B = "a plump cat and some more cat and some more mice too"
B has 12 words. Plump, some, more, mice and too are not in A. Plumb is not in A and occurs once, some twice, more twice, mice once, too once. 7 out of 12 words in B are not in A. --> 58 % of B is not in A.
I think we can use Tensorflow's Tokenizer. We can probably also use something else, plain python or another tokenizer and other solutions are welcome.
With tf.Tokenizer I get the word_index
for the text A
a_tokenizer = Tokenizer()
a_tokenizer.fit_on_texts(textA) #Builds the word index
word_index=a_tokenizer.word_index
and the word_count
for text B
b_tokenizer = Tokenizer()
b_tokenizer.fit_on_texts(generated_text)
word_count=b_tokenizer.word_count
A bad way to achieve this is to go through words in B's word_count
and look-up in A
num_words_b=0
num_words_b_in_a=0
for word_b, count_b in tokenizer.word_count.items():
num_words_b = count_b
for word_a, index_a in tokenizer.word_index.items():
if word_b == word_a:
num_words_b_in_a = count_b
breaks
and then do 1-num_words_b_in_a/num_words_b
. Some more elegant look-up?
EDIT : in fact the above does not work at all, because it tokenizes into characters. I want to tokenize into words.

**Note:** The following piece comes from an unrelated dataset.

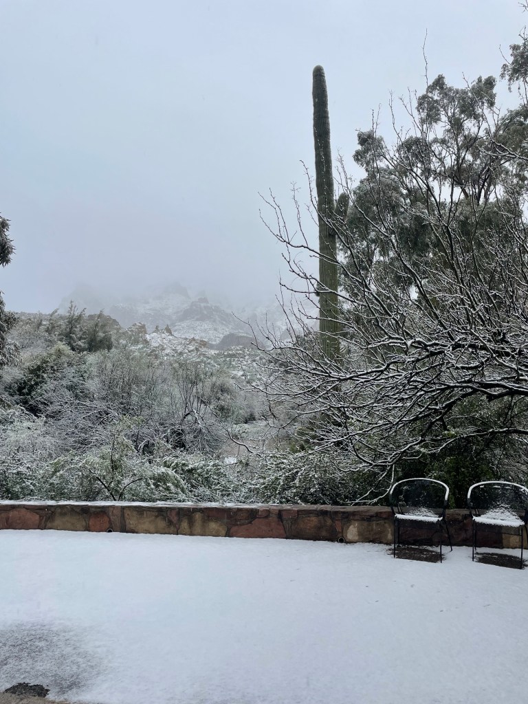 One of the most popular questions I got today was (is it raining?) and of course I had to answer NO, because at the time it was snowing. And another popular one (are you open?) and of course we were, with only a half an inch of snow, there would be no reason to be closed. Or (will I be safe to drive here?) my answer was maybe, I watch the Phoenix news every morning and there are dozens of accidents on a clear dry day, so on a wet snowy day, I’m sure it would be considered high risk at least.

CodePudding user response:
Maybe try something like this:
import tensorflow as tf
docs1 = ['Well done!',
'Good work',
'Great effort',
'nice work',
'Excellent!']
docs2 = ['Well!',
'work',
'work',
'effort',
'rabbit',
'nice']
a = tf.keras.preprocessing.text.Tokenizer()
a.fit_on_texts(docs1)
b = tf.keras.preprocessing.text.Tokenizer()
b.fit_on_texts(docs2)
word_index = a.word_index
word_counts = dict(b.word_counts)
diff = set(word_counts.keys()).intersection(set(word_index.keys()))
num_words_b = sum(list(word_counts.values()))
num_words_b_in_a = sum(list(map(word_counts.get, list(diff))))
percentage = 1 - num_words_b_in_a/ num_words_b
print(percentage)
0.16666666666666663